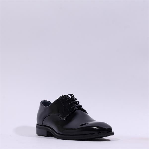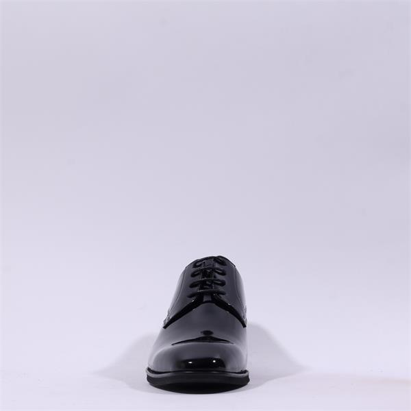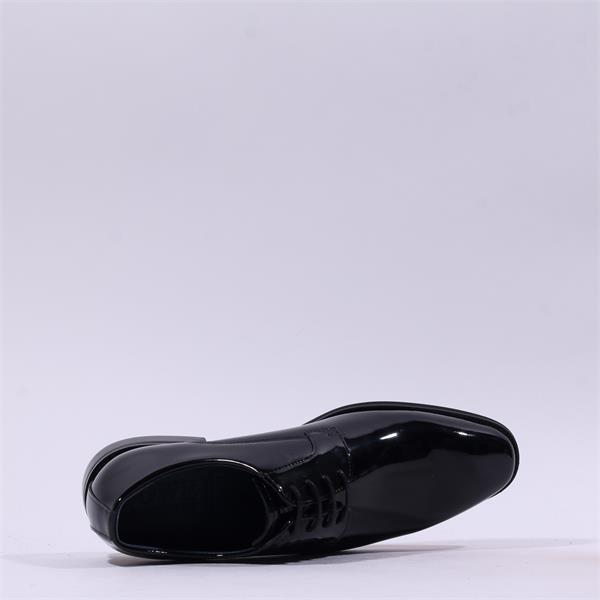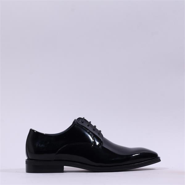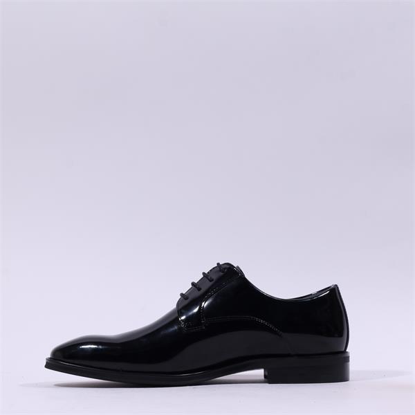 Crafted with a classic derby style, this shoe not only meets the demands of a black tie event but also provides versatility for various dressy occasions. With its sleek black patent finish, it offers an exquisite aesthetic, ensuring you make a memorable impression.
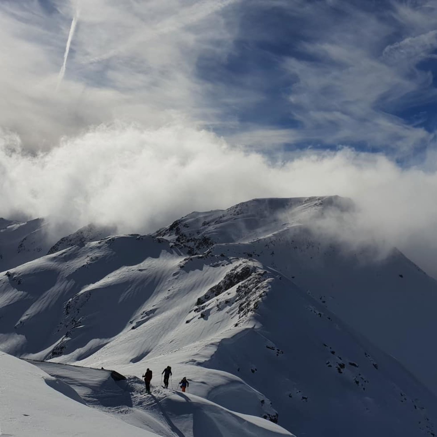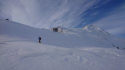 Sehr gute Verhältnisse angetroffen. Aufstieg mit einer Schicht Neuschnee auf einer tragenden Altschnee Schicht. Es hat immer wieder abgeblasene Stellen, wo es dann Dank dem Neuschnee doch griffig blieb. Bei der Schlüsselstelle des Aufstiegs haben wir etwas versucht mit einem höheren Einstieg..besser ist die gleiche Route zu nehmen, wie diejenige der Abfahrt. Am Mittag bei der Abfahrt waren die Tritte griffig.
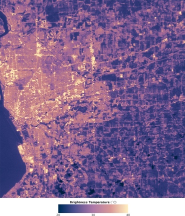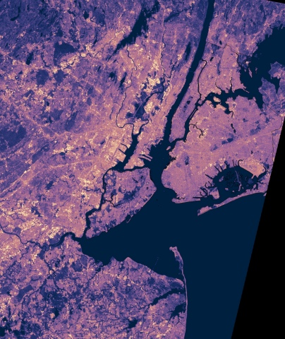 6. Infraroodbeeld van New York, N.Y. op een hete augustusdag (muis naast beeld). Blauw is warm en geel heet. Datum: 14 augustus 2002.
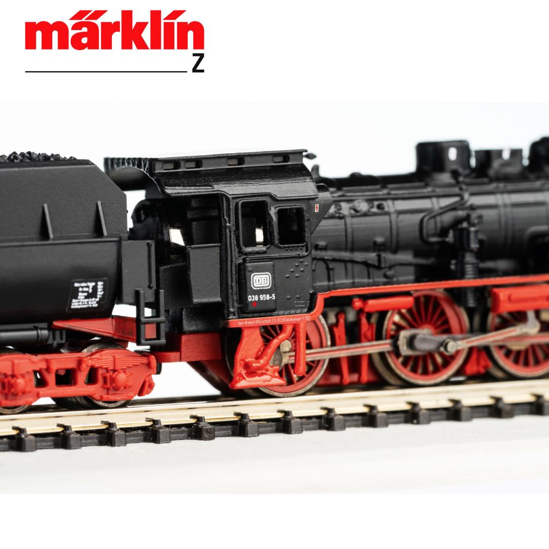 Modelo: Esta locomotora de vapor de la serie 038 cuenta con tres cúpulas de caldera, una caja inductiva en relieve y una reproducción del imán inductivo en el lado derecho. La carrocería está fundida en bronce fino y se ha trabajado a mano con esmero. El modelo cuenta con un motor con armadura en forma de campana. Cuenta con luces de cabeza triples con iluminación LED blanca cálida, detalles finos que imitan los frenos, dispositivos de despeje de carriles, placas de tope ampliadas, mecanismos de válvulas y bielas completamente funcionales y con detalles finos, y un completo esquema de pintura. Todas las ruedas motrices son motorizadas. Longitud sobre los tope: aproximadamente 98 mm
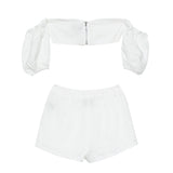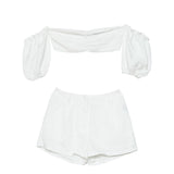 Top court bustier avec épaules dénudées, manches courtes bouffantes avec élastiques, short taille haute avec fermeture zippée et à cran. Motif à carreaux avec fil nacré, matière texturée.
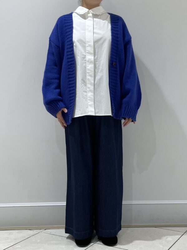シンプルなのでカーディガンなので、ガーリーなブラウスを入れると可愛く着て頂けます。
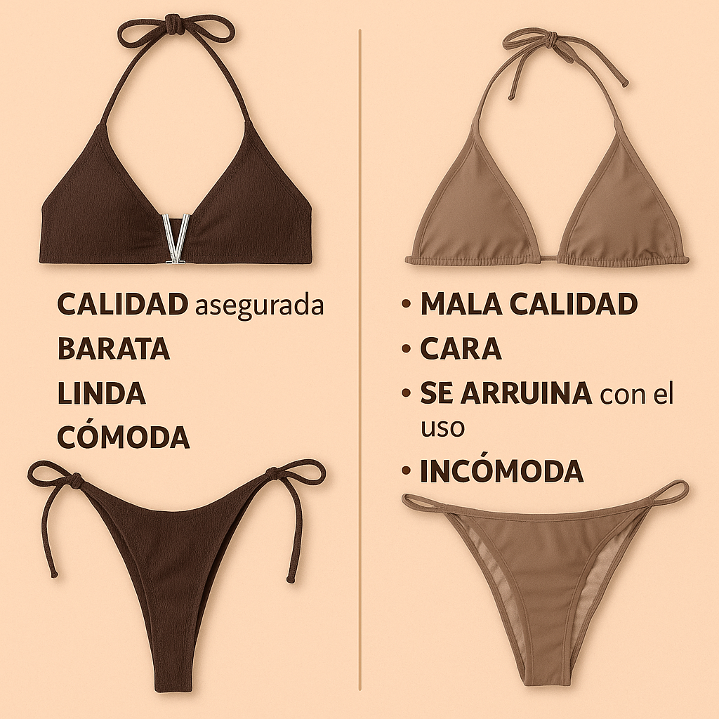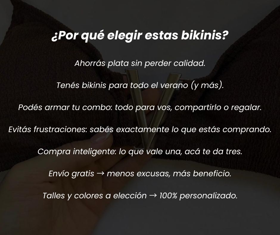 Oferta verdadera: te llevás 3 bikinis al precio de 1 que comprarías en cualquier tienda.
^^^^
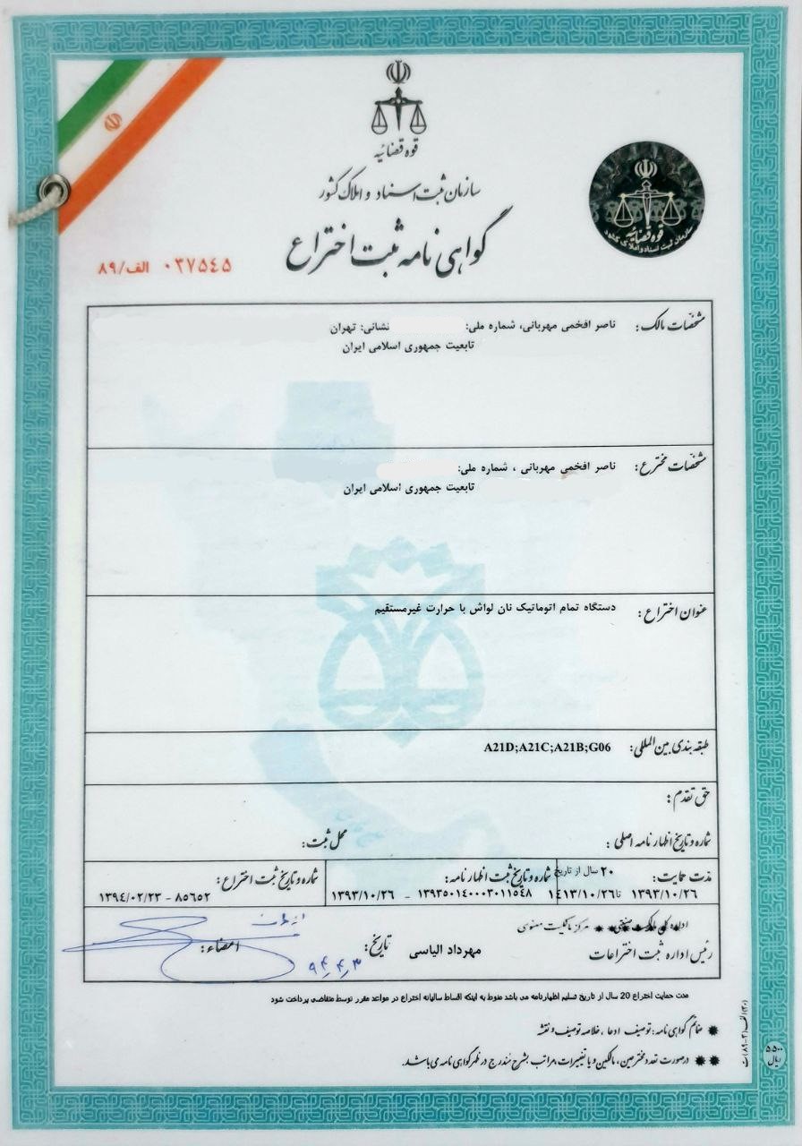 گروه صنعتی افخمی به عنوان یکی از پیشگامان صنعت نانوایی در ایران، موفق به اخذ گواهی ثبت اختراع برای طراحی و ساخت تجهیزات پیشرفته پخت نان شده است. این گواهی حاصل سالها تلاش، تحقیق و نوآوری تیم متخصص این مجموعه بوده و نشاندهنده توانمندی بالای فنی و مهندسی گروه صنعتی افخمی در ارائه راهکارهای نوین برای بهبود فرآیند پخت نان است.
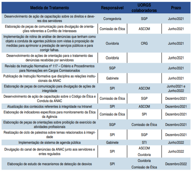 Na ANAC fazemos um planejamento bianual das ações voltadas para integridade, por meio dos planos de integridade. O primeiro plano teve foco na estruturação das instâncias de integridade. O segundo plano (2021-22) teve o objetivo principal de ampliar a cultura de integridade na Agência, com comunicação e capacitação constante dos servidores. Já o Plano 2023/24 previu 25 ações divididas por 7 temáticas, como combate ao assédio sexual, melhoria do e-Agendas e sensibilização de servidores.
^^^^
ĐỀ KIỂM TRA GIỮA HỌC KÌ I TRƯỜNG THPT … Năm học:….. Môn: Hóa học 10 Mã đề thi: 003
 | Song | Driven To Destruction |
^^^^
WHAT YOU WILL DO: Look above for the line with "گروه صنعتی افخمی به" and copy exactly from it through the line with "Na ANAC fazemos", both included. Omit the pictures.

RESPONSE TO THIS EXERCISE:
 گروه صنعتی افخمی به عنوان یکی از پیشگامان صنعت نانوایی در ایران، موفق به اخذ گواهی ثبت اختراع برای طراحی و ساخت تجهیزات پیشرفته پخت نان شده است. این گواهی حاصل سالها تلاش، تحقیق و نوآوری تیم متخصص این مجموعه بوده و نشاندهنده توانمندی بالای فنی و مهندسی گروه صنعتی افخمی در ارائه راهکارهای نوین برای بهبود فرآیند پخت نان است.
 Na ANAC fazemos um planejamento bianual das ações voltadas para integridade, por meio dos planos de integridade. O primeiro plano teve foco na estruturação das instâncias de integridade. O segundo plano (2021-22) teve o objetivo principal de ampliar a cultura de integridade na Agência, com comunicação e capacitação constante dos servidores. Já o Plano 2023/24 previu 25 ações divididas por 7 temáticas, como combate ao assédio sexual, melhoria do e-Agendas e sensibilização de servidores.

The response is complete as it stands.